I've got what's likely a basic question.
I've inherited a warehouse that has multiple records on a fact table that represent the same individual. For example, they were originally loaded with an Id number of 12345 and assigned a key that we shall call 333. A year or two later the same individual was loaded again but a different Id number was given (12354) so when loaded they were thought to be a new individual thus assigned a new foreign key (444).
Now a few months ago we were sent a new dataset telling us that ID 12345 and 12354 should be the same, so the two Ids were merged and now the fact table has the following two rows for this individual:
Key ID
333 12354
444 12354
That part was easy enough. Trick is the keys are used on various tables. Now, some tables will link to ID 12354 via key 333 and other tables from 444. Obviously, this isn't good, especially since several Ids were incorrectly loaded originally..
Is there a better answer than deciding on one key to use, combing through every fact table we have, checking to see what key is used, then assigning it the correct key of the so that all tables use the same key for an ID, then close out either 333 or 444?
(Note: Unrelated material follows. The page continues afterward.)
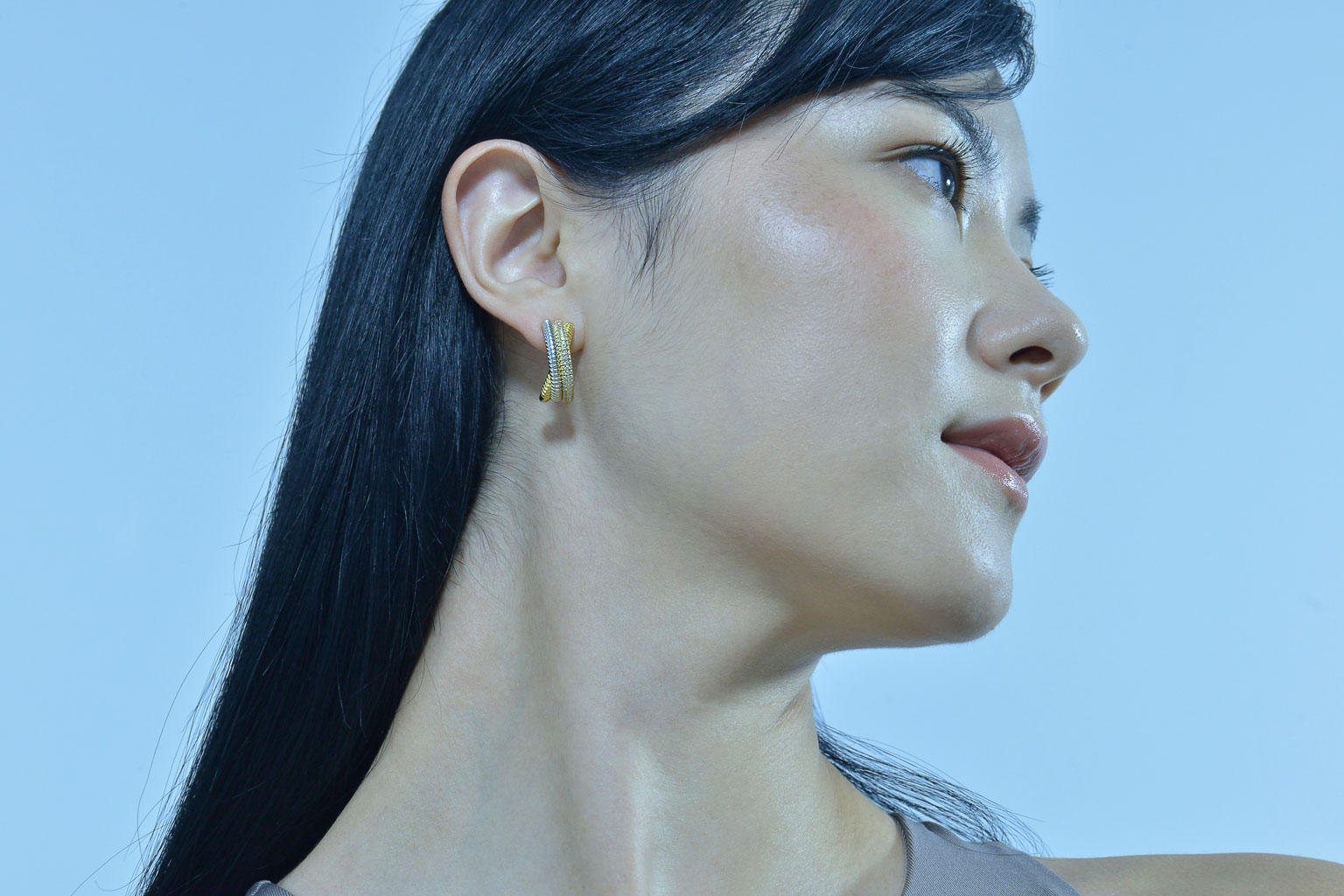 Pendientes Salvatore Plata chapado dorado rodio dos lineas gallonadas y una línea circonitas.
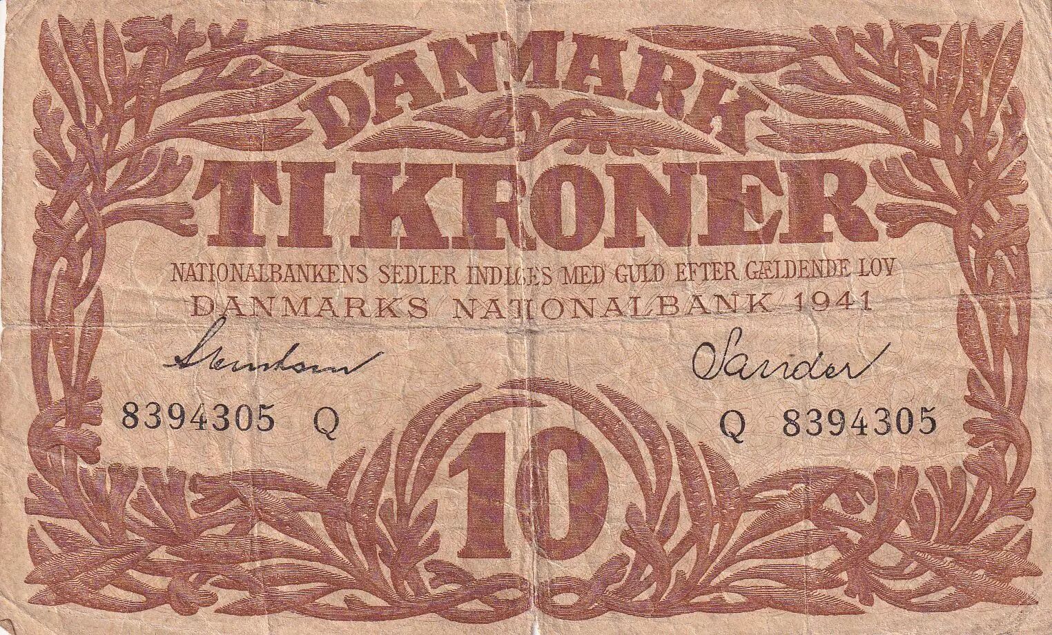 Home > > Denmark 10 Kroner - 1941 - VG+ - Letter Q - P.31

Does that make any sense? Seems to be the way to go, but am curious if anyone has had to deal with anything similar.
Thanks, all!
When faced with similar issues my first step has been to make sure I don't have:
The problematic key associated with yet another Id
Either of Id associated with yet another Key value.
Since about 1/3 of the time one of the two above conditions fails much fun ensues, but boils down to the following:
Backup everything so you can restart if needed.
Document what changes need to be made to make all of the data consistent
Get approval for the changes
Change it
Test and verify the changes worked everywhere
If there is a source file(s) that if re-read would reintroduce the issue, modify the corresponding records there as well.
But I've never had to deal with data with very many of these types of records, only a few dozen or so.
@LinusH, ha! Well, I wish they weren't as interesting as they are, but I'm happy to give the experts here something to think about. 🙂
@ballardw, I'm _always_ backing up...
I think I'm liking the idea of the link table. As it is, the way this data is used two tables are pretty much always joined anyway, so it would be easier for our reporting team to just use the one table, instead of having to consistently join two tables first.
In doing so, this link table would have both keys in it as two separate columns? Would our report staff need to check each key column when they join or lookup data on this table?
Thanks!
I agree it's an interesting problem, as what you've described is the very common duplicate customer issue. In my experience most IT systems that deal with customer data are prone to having duplicate customers. Often they come about because of inadequate checking of existing customers when adding a new one. Where I am working now though they are also created deliberately because of system restrictions!
I also agree that a link table or what I would call a duplicate customer table is the way to go. As a general rule it is not good practice to change historical fact table data with corrections found later. The reason for this is if you repeat reports for that same period you will get different answers. A data warehouse should give you repeatable results for the same point in time no matter when you run them.There are exceptions to this of course perhaps where the errors are so large they need to be restated.